» **Exercise instructions**: From the line that contains "Specyfikacja: Materiał: polipropylen" down to the last line of the entries, please return everything exactly, except the pictures.

[[ Input records, beginning ]]

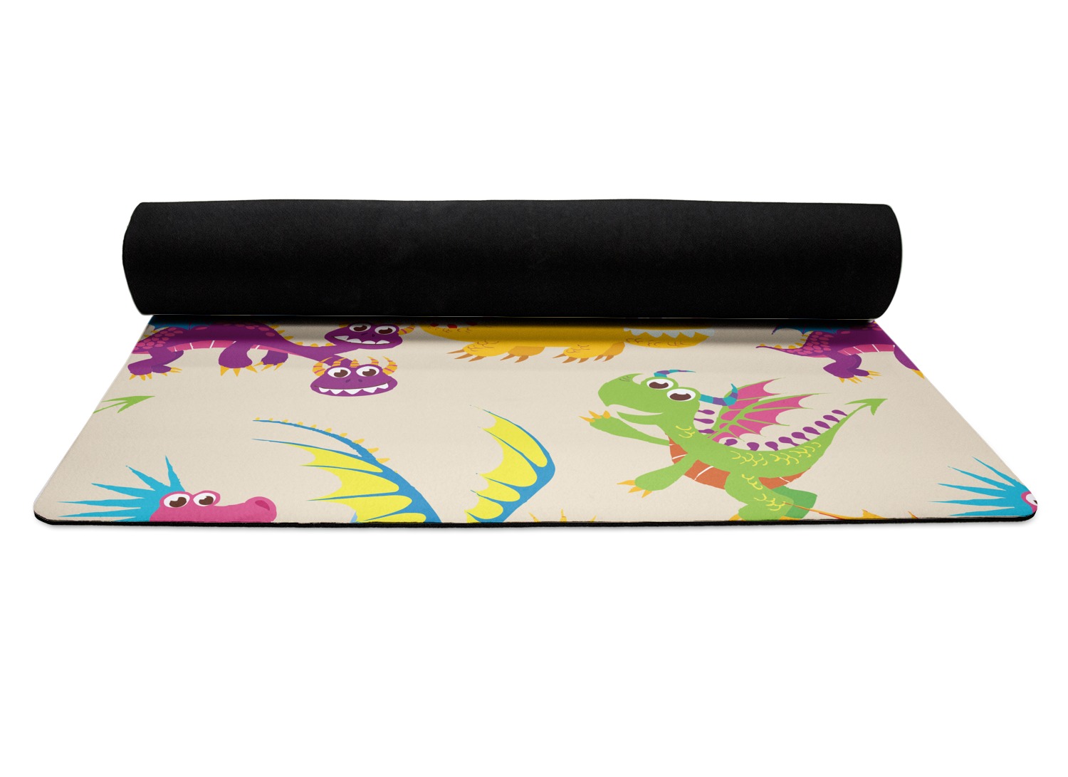The top of the mats are dyed with your design using eco friendly non solvent inks. They have a smooth fleece felt top and feels very soft. The back of the mat is a sleek black and is a squishy non-slip texture to ensure that your mat does not slip on the floor. Our rubber backed mats are the perfect size at 68" x 24" and are just under approximately 1/4 inch thickness.
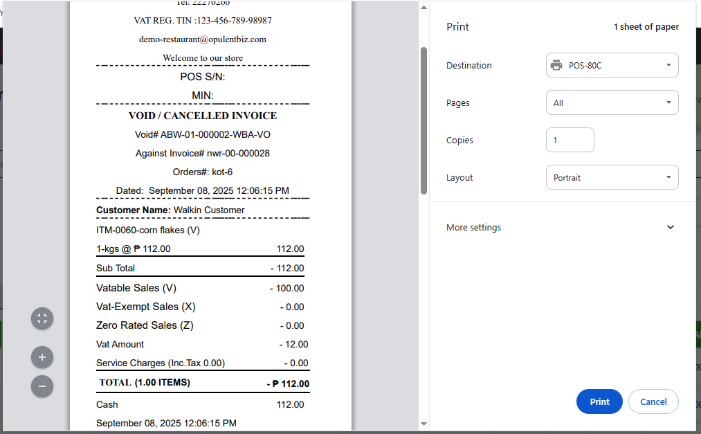 - After the invoice is successfully voided, the system will automatically print a receipt for the voided transaction.
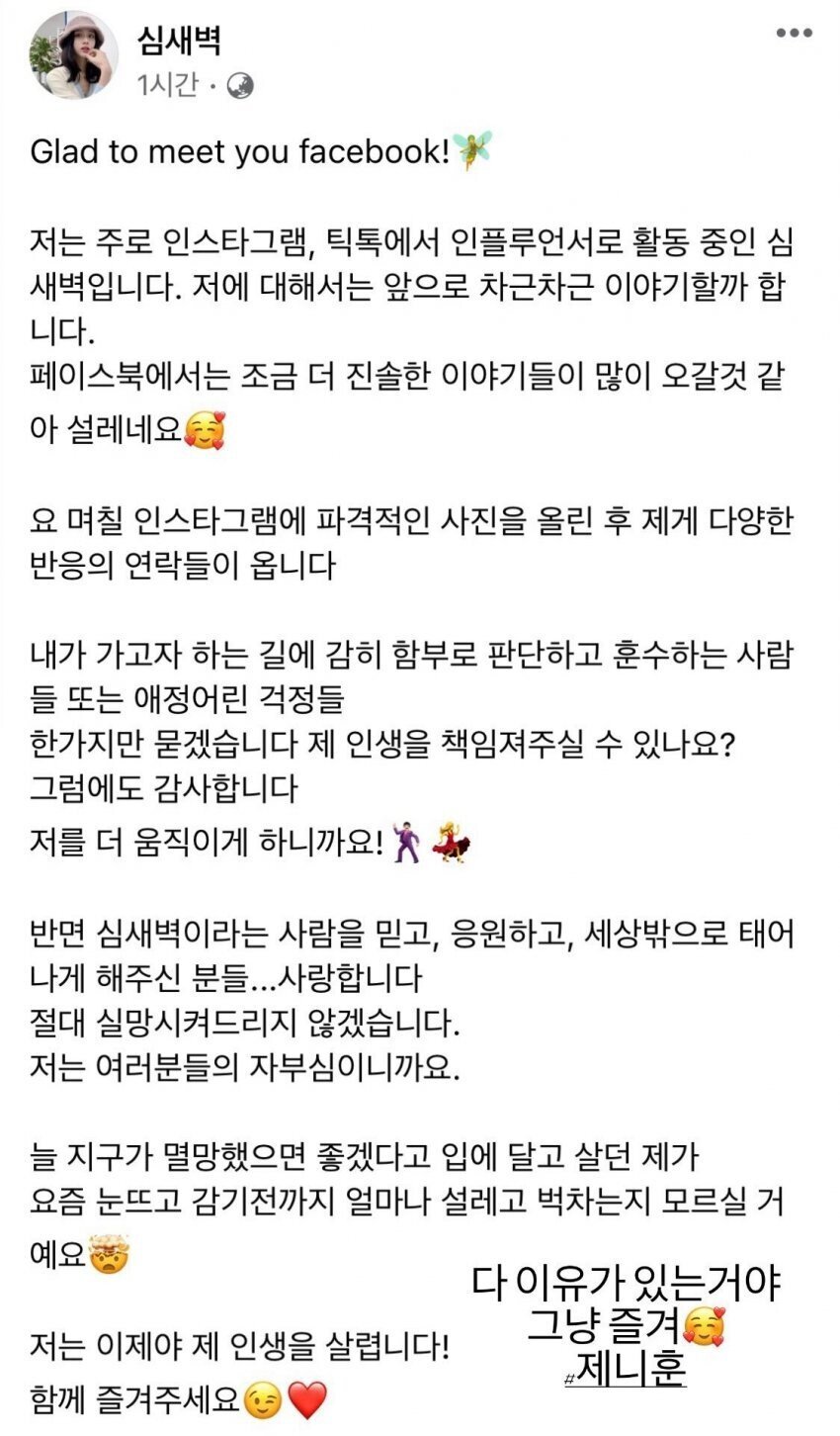 어느 날 올라온 심새벽의 피드
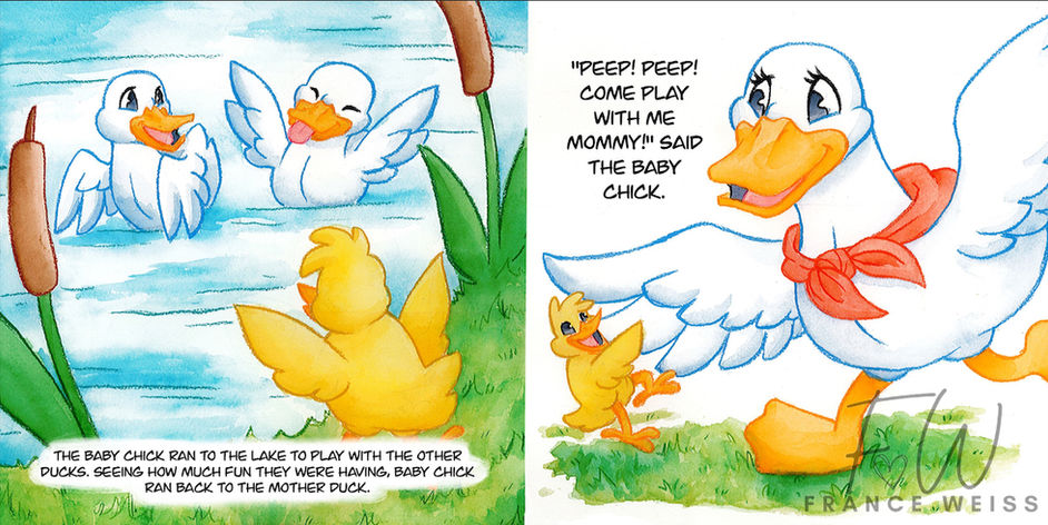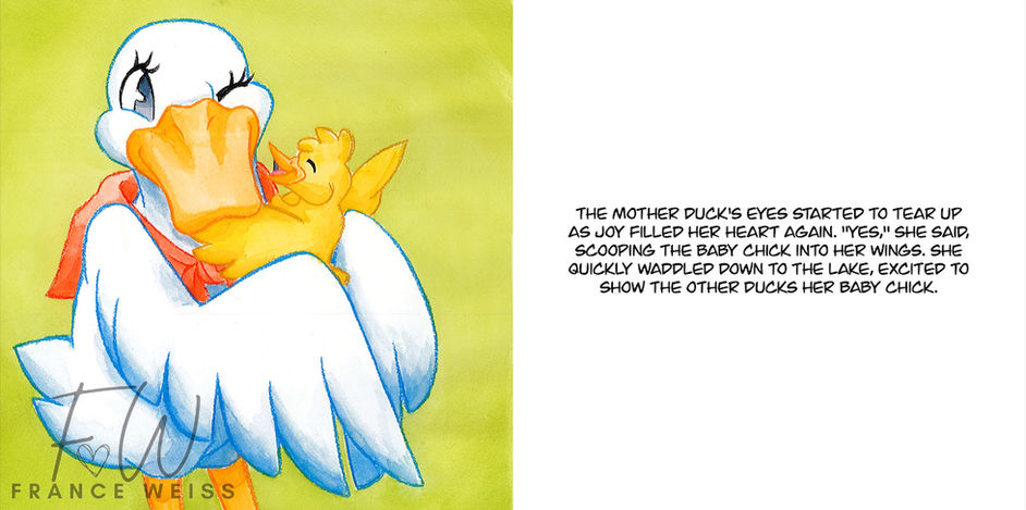 This page is a children's book I wrote, edited, and illustrated as a part of my High School Senior AP Art project. It is a story about adoption and a mother’s bond with her child with a mother duck caring for a baby chick. I wanted to create a simple, fun narrative that introduced the idea of adoptive families to a younger audience.
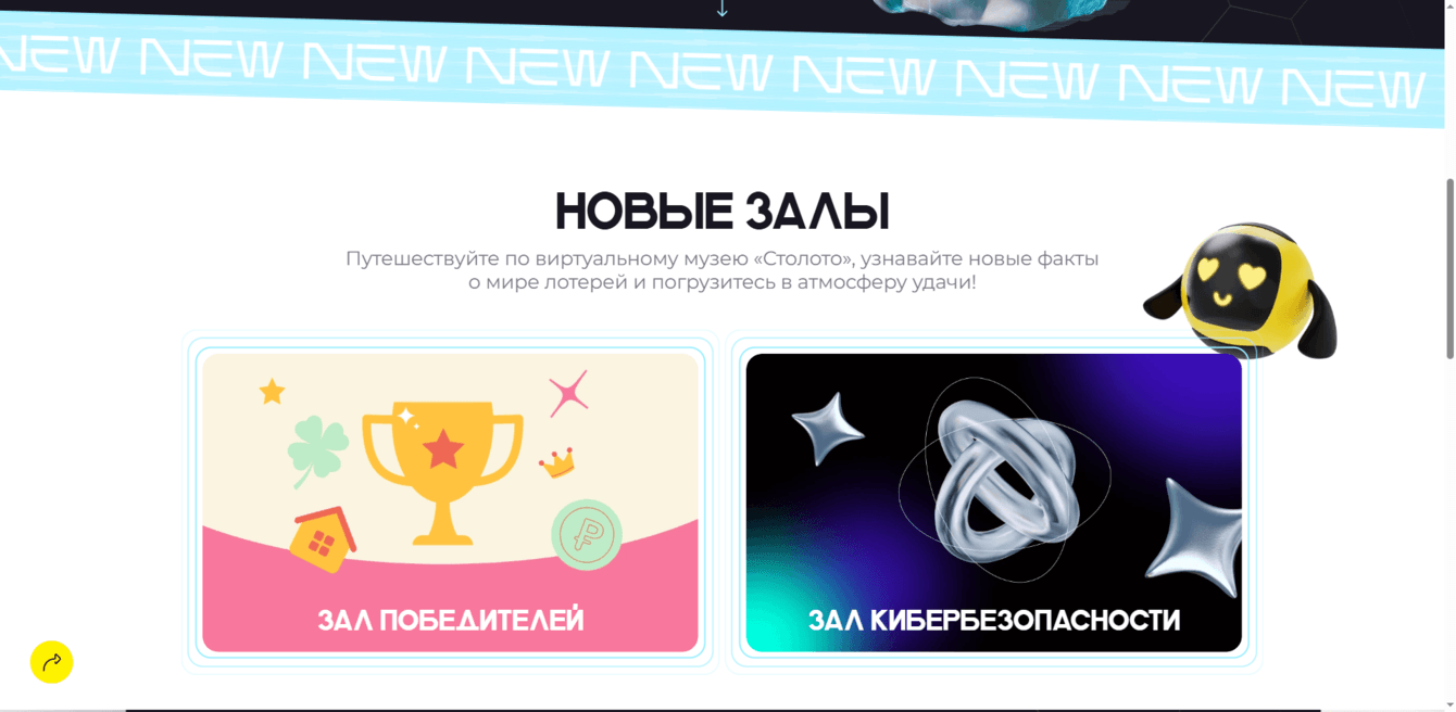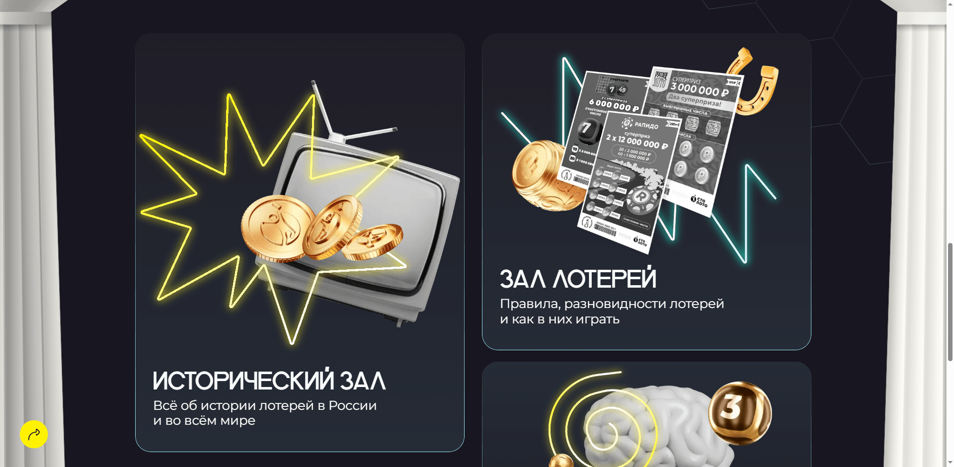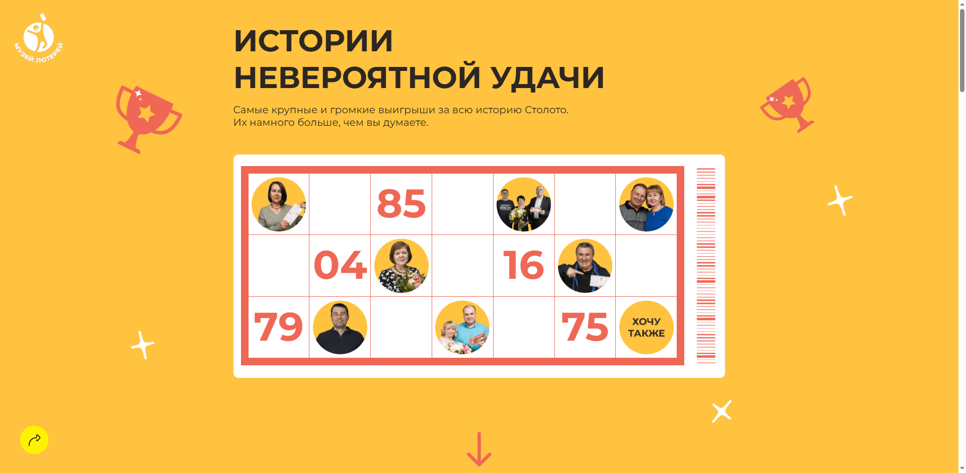 Разработать многостраничный интерактивный виртуальный музей, который через погружение в историю лотерей, истории побед и культурный контекст укрепит лояльность аудитории к бренду.
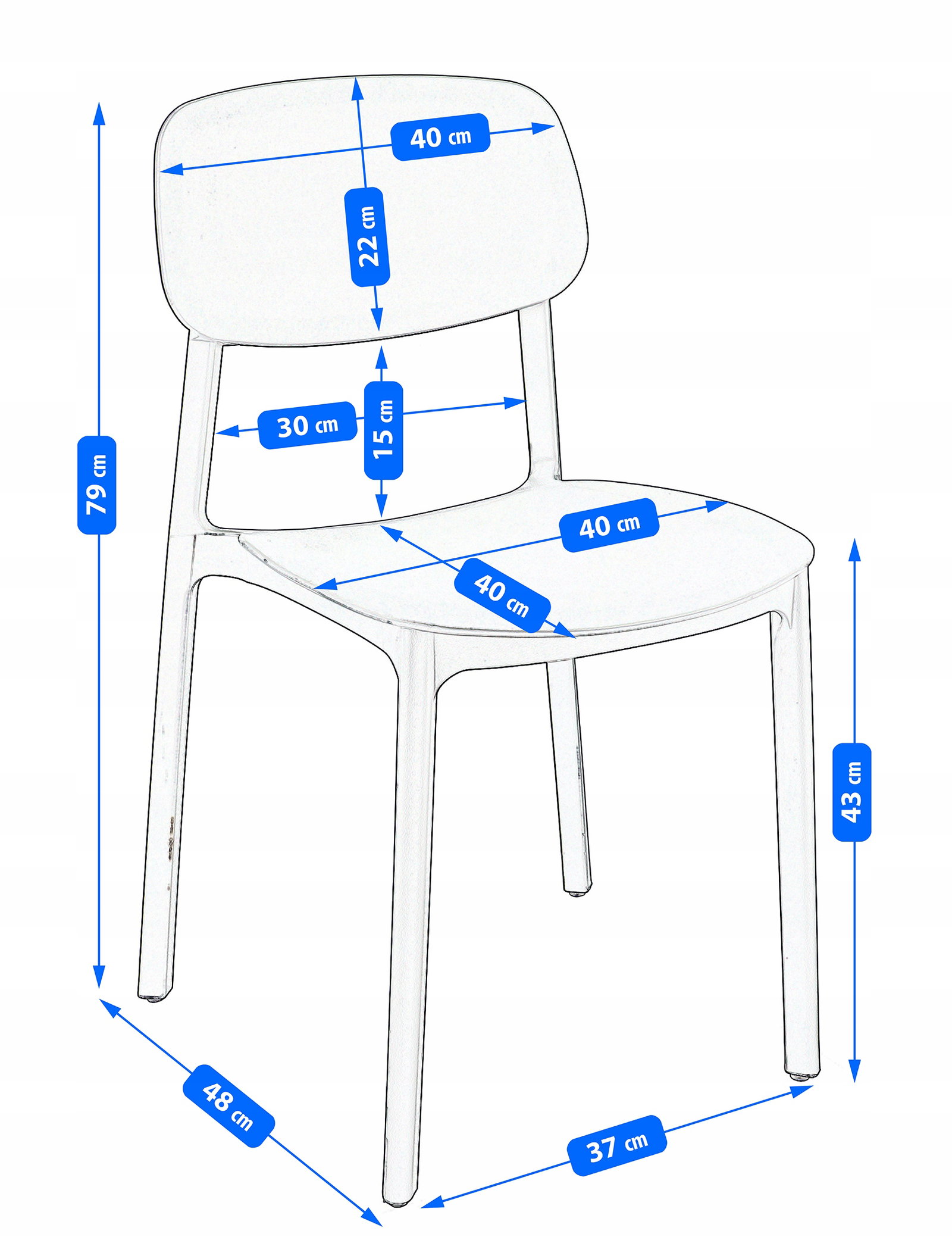 Specyfikacja: Materiał: polipropylen Maksymalne obciążenie: 120 kg Wymiary: Wysokość mebla: 79 cm Szerokość mebla: 40 cm Głębokość mebla: 48 cm Wysokość siedziska: 43 cm Szerokość siedziska: 40 cm Głębokość siedziska: 40 cm
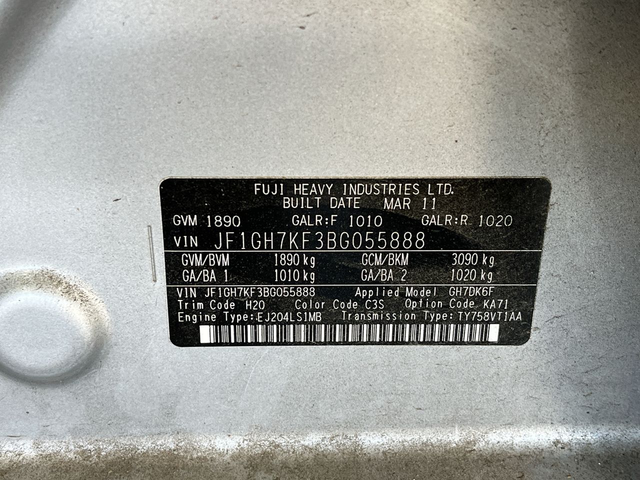 • VIN: JF1GH7KF3BG055888

[[ Input records, end ]]

» **Result of the exercise**:
 Specyfikacja: Materiał: polipropylen Maksymalne obciążenie: 120 kg Wymiary: Wysokość mebla: 79 cm Szerokość mebla: 40 cm Głębokość mebla: 48 cm Wysokość siedziska: 43 cm Szerokość siedziska: 40 cm Głębokość siedziska: 40 cm
 • VIN: JF1GH7KF3BG055888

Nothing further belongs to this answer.